This is the 2nd part of the previous post.

The altar of objecthood

Jumping to the other side of justice, I understand that the only type of photograph that cannot be mailed to a US prisoner is a Polaroid, for something could be hidden inside of it. It is this status of the Polaroid as an object that functions to substantiate the claim that whatever image it contains actually existed the instant that it was formed. This strength is tempered by the fact that the Polaroid photograph, like the photobooth strip, stringently resists Benjaminian mechanical reproduction. This results in a sort of space-time triangulation that occurs between a viewer, a Polaroid and the actual event it contains. Consider, for instance, a post I read online where a photographer recalled seeing Neil Armstrong step down onto the moon on his television screen and commemorated the moment by taking a Polaroid photograph of that TV screen. This specific Polaroid, which is still in his collection, triangulates a moment in history. Were you to hold it your hand, you could tell me the hour it came into existence with comfortable certainty. Greater still, you would know that the color dyes present in its encasement were not some detached “copy” but part of a chain of events, which could be traced back with extreme intimacy to the light that struck Neil Armstrong’s foot, illuminating it (sun-foot-camera feed-television screen-camera). The same cannot be as purely said for a paper print copied from a negative or even for a slide, whose development isn’t eternally wed to its exposure, as is the case with the Polaroid object.

Once we’ve separated these two processes, as in the work I described earlier, we no longer need to use a lens at all. We have this photosensitive object and we can treat it like any other. What’s more, the result will still be a Polaroid object, which will invariably carry all of these aforementioned connotations by sheer dint of its form. I’ve been deeply attracted to this arena and have enjoyed using it as a place to reevaluate the photographic potential of these objects. They are also positives, so when you expose them directly to, say, electricity, you see it in positive, as with “Static Fields”.


Or, as in “Lightning Bugs”, where I let fireflies dance on them, they record these traces in positive and life-sized since there has been no lens-induced enlargement.


 Here, I am amazed by how inimitably sharp the details look in the records of various colored latex condoms after I’ve contact printed them onto Polaroids.

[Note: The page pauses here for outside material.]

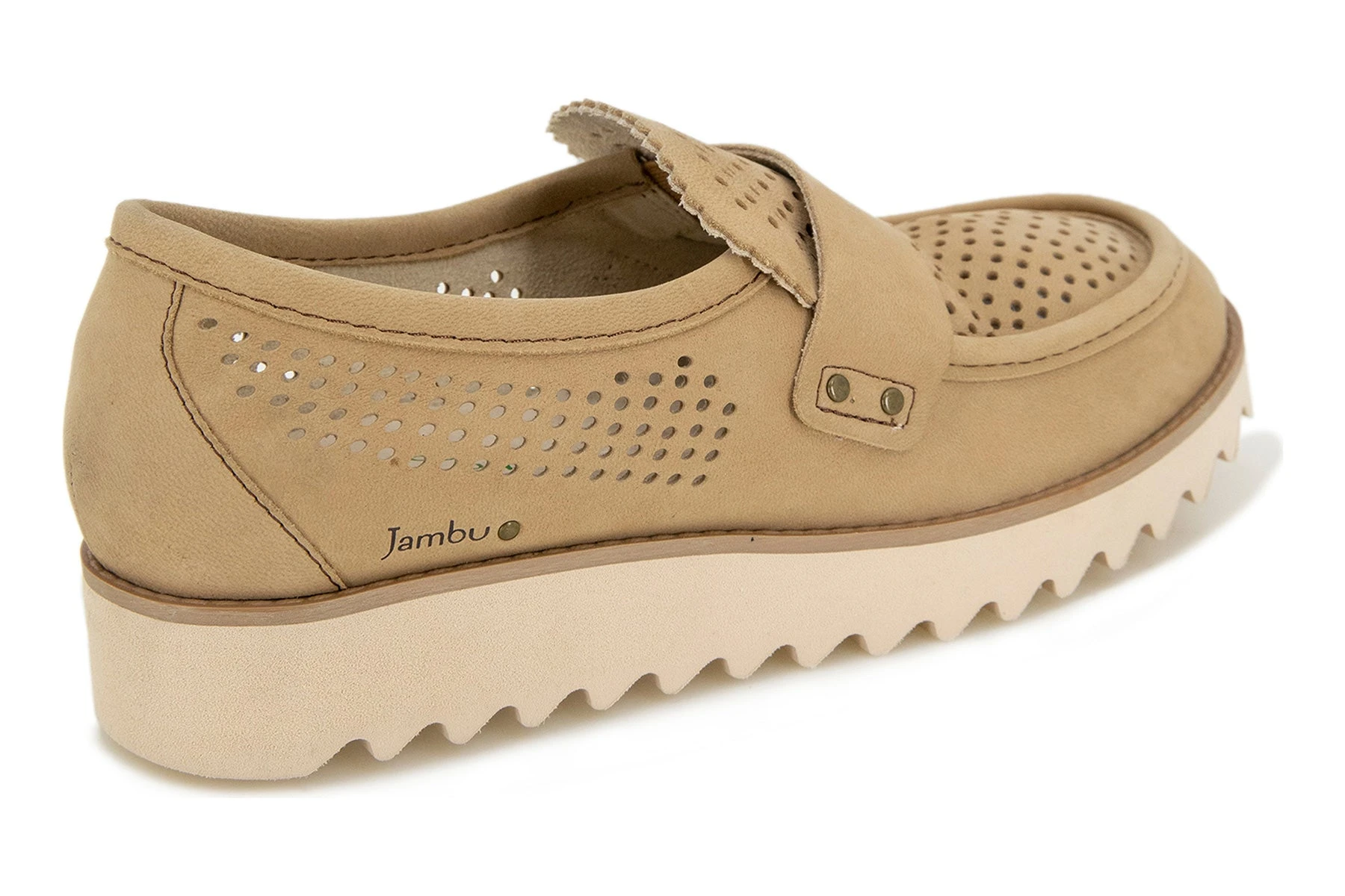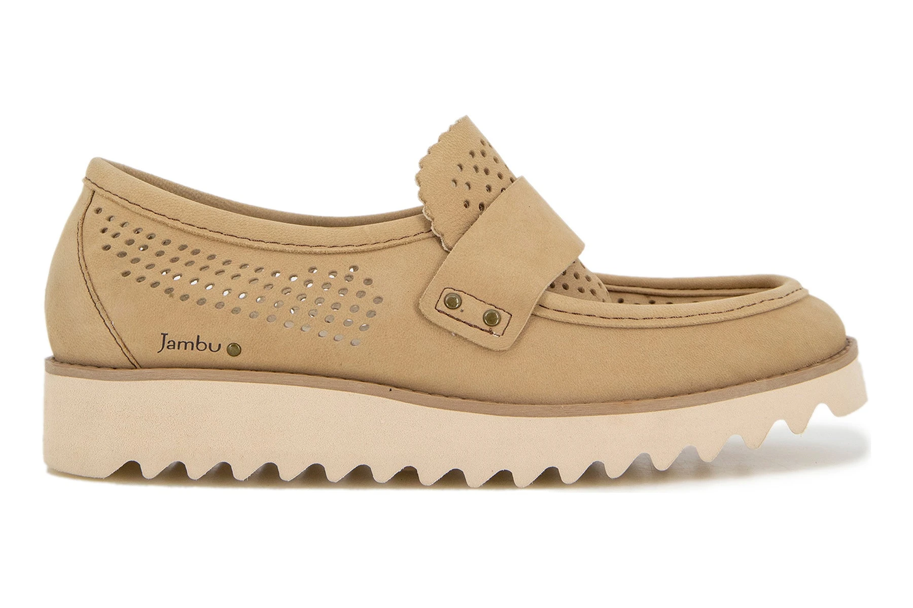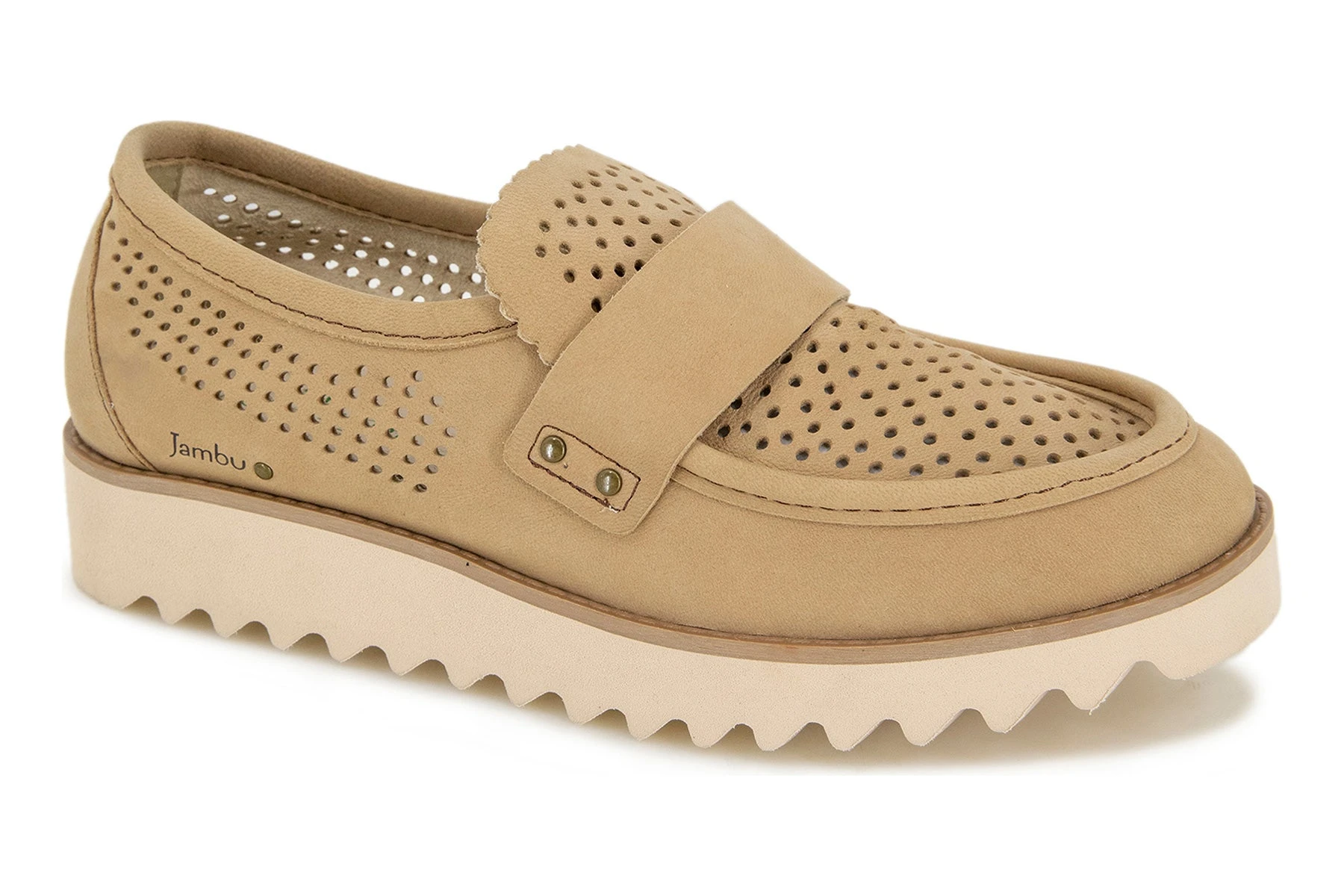 Pair functional fashion with sleek style in the Jessie. This slip on shoe features a lightweight design with airy perforations, teeth like treads for maximum grip, and playful scalloped detailing and color blocked look.

The title for these images, “A short and sudden turning inside-out” refers to the orgasm-like manner in which the camera brings the images about.


 

In these last three, series involving direct exposures, what is particularly exciting for me is the idea that the method doesn’t just reveal the vast world of potential that exists within the instant of a Polaroid instant photograph, but also many of the hidden qualities inherent to the film itself, such as its grain or how it handles reciprocity. These factors would otherwise remain invisible because of how encapsulated the automated Polaroid photographic systems always are. By skipping the lens, we get straight to the surface.

In the annals of the history of Photographica, one of all time favorite anecdotes is this: Edwin Land took a photograph of his daughter on the beach with a negative in his camera; she asked if she could see it, he said no, she asked why. Thus Land begat the impetus for Polaroid, with an attitude of play and of investigation, interested in constantly testing the limits of photography by experimenting with all that it can do. That’s how it all began. And I’m not interested in eulogizing Polaroid; I’m just getting started.